Since we know the limit exists, and we know that $b_n$ converges, $a_n$ must converge also!

Example 7 #

$$ \sum_{n=1}^\infty \frac{\sqrt{n} + \ln n}{n^2 + 1} $$

Lets use the limit comparison test, and compare to $b_n$ of:

\[\begin{aligned} b_n & = \sum_{n=1}^\infty \frac{\sqrt{n}}{n^2} \\ & = \sum_{n=1}^\infty \frac{1}{n^{3/2}} \end{aligned}\]
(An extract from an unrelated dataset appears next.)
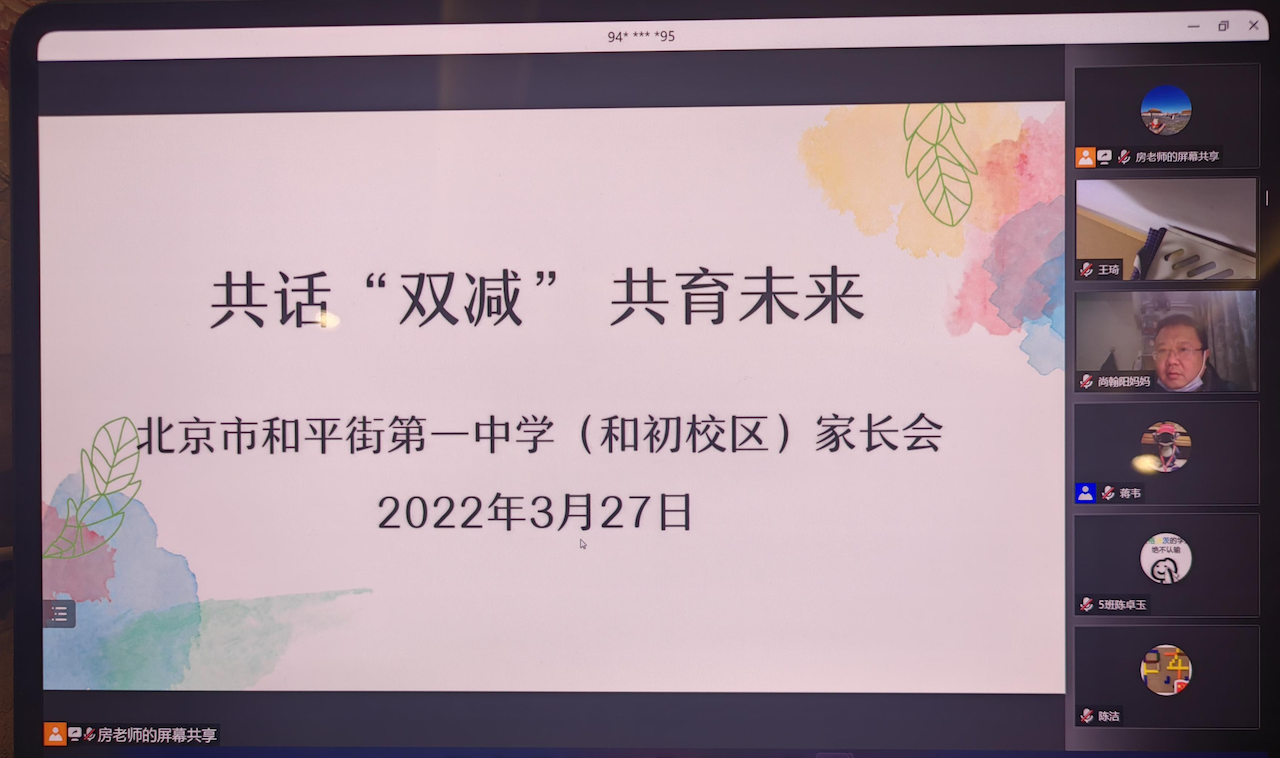为促进学生健康成长,回应家长关切问题,营造良好的家校环境 ,让每一个家庭更好地了解“双减”背景下学校教育理念与举措,和平街初中校区于3月27日晚召开了以“共话双减 共育未来”为主题的线上家长会。

This is a P-series with $p$ .

Limit comparison test:

\[\begin{aligned} \lim_{n \rightarrow \infty} \frac{\sqrt{n} + \ln n}{n^2 + 1} \cdot n^{3/2} & = \lim_{n \rightarrow \infty} \frac{n^2 + n^{3/2} \ln n}{n^2 + 1} \\ & = \lim_{n \rightarrow \infty} \frac{1 + \frac{\ln n}{n^{1/2}}}{1 + \frac{1}{n^{2}}} \\ && = \lim_{n \rightarrow \infty} \frac{\ln n}{n^{1/2}} \\ && \text{Use L'Hospitals} \\ && = \lim_{n \rightarrow \infty} \frac{\frac{1}{n}}{\frac{1}{2\sqrt{n}}} \\ && = \lim_{n \rightarrow \infty} \frac{2\sqrt{n}}{n} \\ && \text{Use L'Hospitals} \\ && = \lim_{n \rightarrow \infty} \frac{2}{\sqrt{n}} \\ && = 0 \\ \therefore & = \lim_{n \rightarrow \infty} \frac{1 + 0}{1 + 0} \\ & = 1 \end{aligned}\]

So since the series $b_n$ converges, the series $a_n$ also converges.